Air combat experts at Lockheed Martin Corp. are helping U.S. military researchers find sustainable ways of designing and upgrading military aircraft avionics that will maintain U.S. superiority in dangerous airspace where pilots risk having their sensors and communications jammed or their aircraft shot down.

Officials of the U.S. Air Force Research Laboratory at Wright-Patterson Air Force Base, Ohio, awarded a $36.4 million contract late last month to the Lockheed Martin Aeronautics segment in Fort Worth, Texas, for phase 2 of the System of Systems Integration Technology and Experimentation (SoSITE) program.

The Air Force Research Lab awarded the contract on behalf of the U.S. Defense Advanced Research Projects Agency (DARPA) in Arlington, Va., which is sponsoring the SoSITE program.
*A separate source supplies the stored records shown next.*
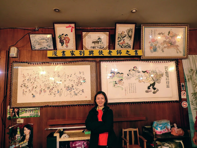 5:50來到阿三哥餐廳用餐, 客家菜脆皮油雞, 薑絲大腸, 梅干扣肉, 嫩豆腐, 蒸魚, 炸溪蝦...道道上菜就吃光光, 小李哥還每桌問問有誰要喝啤酒自己拿, 呵呵, 都快冷死了還是喝杯熱茶最實在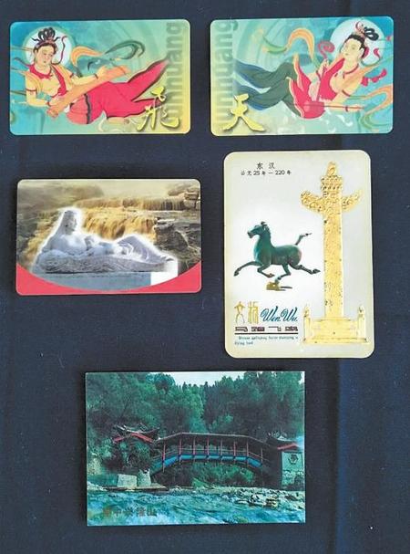 甘肅的自然風光優(yōu)美,人文歷史悠久,經過不斷挖掘,精心保護,成為人們旅游、觀光的理想之地。北京中鈔信用卡廠于2001年制作的“飛”字片、“天”字片“飛天”對卡年歷片,中國工商銀行甘肅分行于2000年設計了《黃河母親》年歷片,中國農業(yè)銀行甘肅分行于1987年設計的《興隆山握橋風光》年歷片,中國遠洋運輸公司上海分公司于1978年制作的《馬踏飛鳥》年歷片,都為甘肅旅游風光作了宣傳。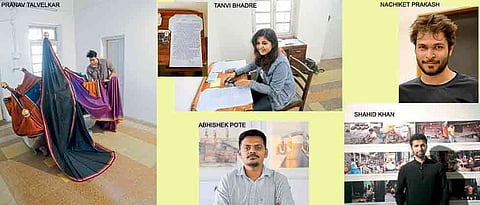 Abhishek Pote has put up a set of four paintings; each projecting the way architecture in Pune has changed over the period. One of his paintings projects the drift from Pataleshwar caves on J M Road to the Pune Metro. He also talks about the ‘wada’ culture which is now on decline. In one of his paintings, he has added an urbanised touch to the wadas. “I used to live in a wada. My dad got it demolished and got a building constructed on the same plot. Now that he’s no more, this piece of art is a tribute from a son to a father,” says Pote, pointing out to the sentimental piece of art.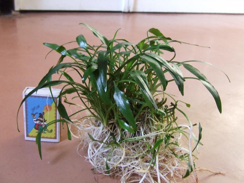 Предлагаю вот такую замечательную крипту - растет маленькая - до 10 сантиметров (проверено за несколько лет в разных аквариумах), а при сильном свете и малом столбе воды вообще всего до 5 - 6 см . Правильное название ее не знаю.
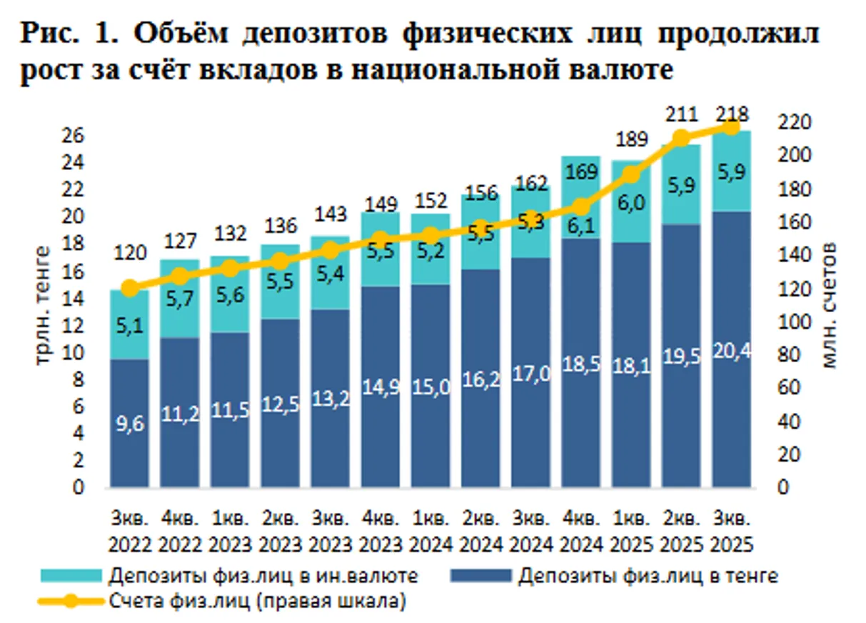 «Можно ожидать менее активного пересмотра банками ставок вознаграждения, так как текущая доходность уже находится на достаточно высоком уровне, а также с учетом повышения минимальных резервных требований по обязательствам банка, в том числе по депозитам. Таким образом, третий квартал завершился для розничного депозитного рынка положительно. Объём депозитов физических лиц увеличился более чем на триллион тенге, при этом долларизация депозитов достигла исторического минимума. Вкладчики диверсифицируют свои депозитные портфели и все больше интересуются сберегательными и срочными вкладами, в результате чего доля стабильного фондирования стала составлять пятую часть от объёма депозитов физических лиц», - отметили в фонде.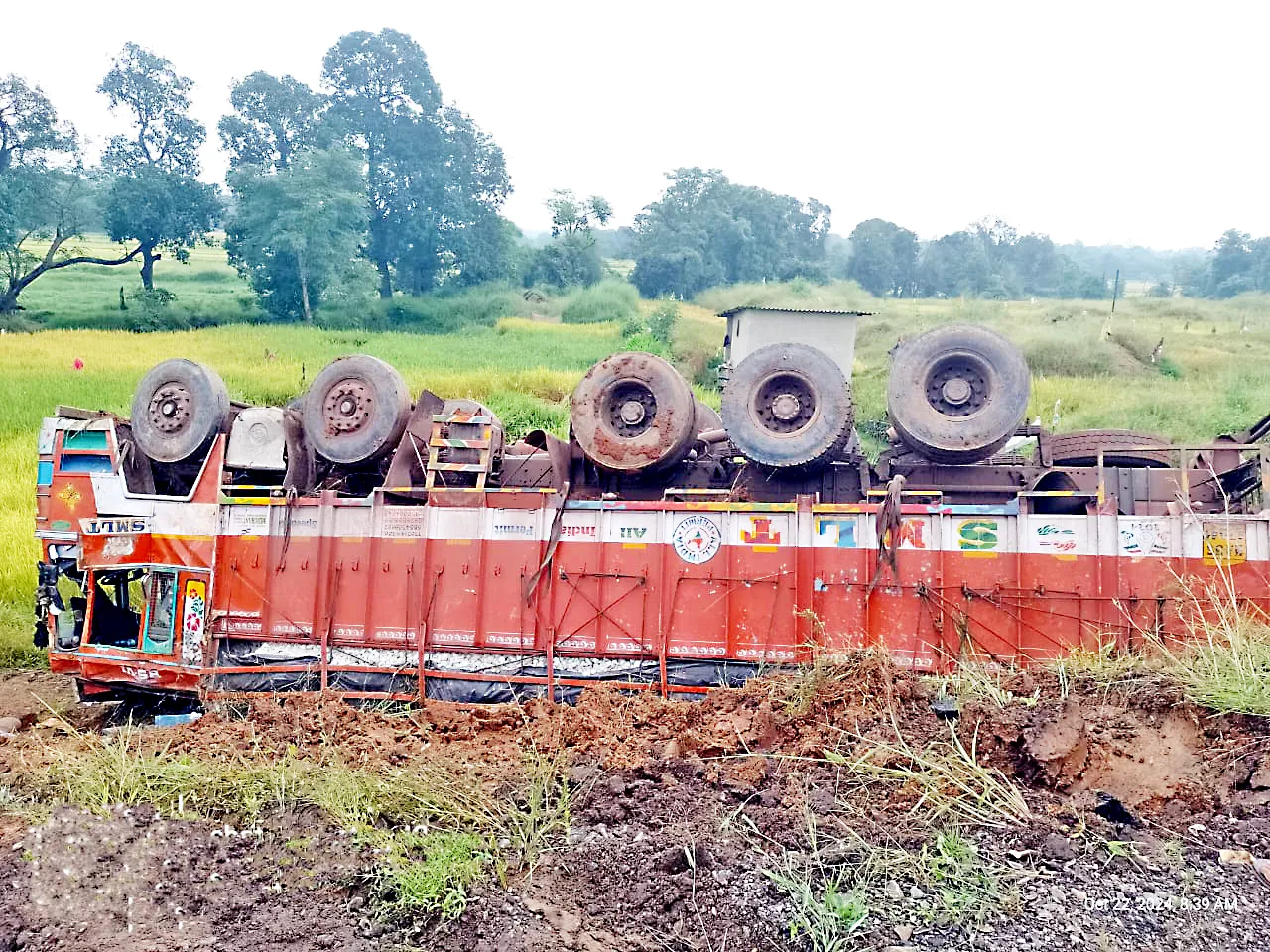 रामनगरहून खानापूरकडे जाणाऱ्या एका भरधाव अवजड वाहनावरील चालकाचे नियंत्रण सुटल्याने अवजड वाहन रस्त्याच्या बाजूला उलटले. या अपघातात ट्रकचालक आणि क्लीनर सुदैवाने बचावल्याची घटना मंगळवारी पहाटे गुंजीनजीक घडली. मात्र ट्रकमध्ये असलेले चालक व क्लीनर किरकोळ जखमी झाले असून त्यांनी स्वत:ची सुटका करून घेऊन पसार झाल्याचे समजते. ट्रकमध्ये चुनखडी भरलेली असून अपघातामुळे ती विखुरली आहे. सध्या या महामार्गाचे काम प्रगतीपथावर आहे. केवळ पंधरा दिवसापासून या महामार्गावरून अवजड वाहतूक सुरू झाली असून, अवजड वाहने भरधाव धावत आहेत. पादचारी आणि दुचाकीधारकांना या भरधाव वेगामुळे जीव मुठीत घेऊनच प्रवास करावा लागत आहे. सदर अपघातही वेगावर नियंत्रण नसल्यानेच झाला असून अवजड वाहनांच्या वेगावर नियंत्रण ठेवणे गरजेचे असल्याचे नागरिकांतून बोलले जात आहे.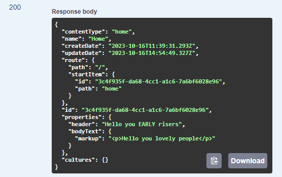 - Repeat the earlier steps to fetch the content by it's path and you should note that the JSON of the content node and the header property now contains our personalized content Hello you EARLY risers

This initiative seeks to help U.S. combat aircraft designers overcome the problems of long aircraft design cycles and easy access of enemies to advanced technologies that mitigate global air superiority that U.S. forces have maintained since the end of World War II.

The SoSITE program seeks to show that a system-of-systems (SoS) approach can help maintain U.S. air superiority in contested airspace with high risk of enemy electronic jamming, enemy fighters, and surface-to-air missiles.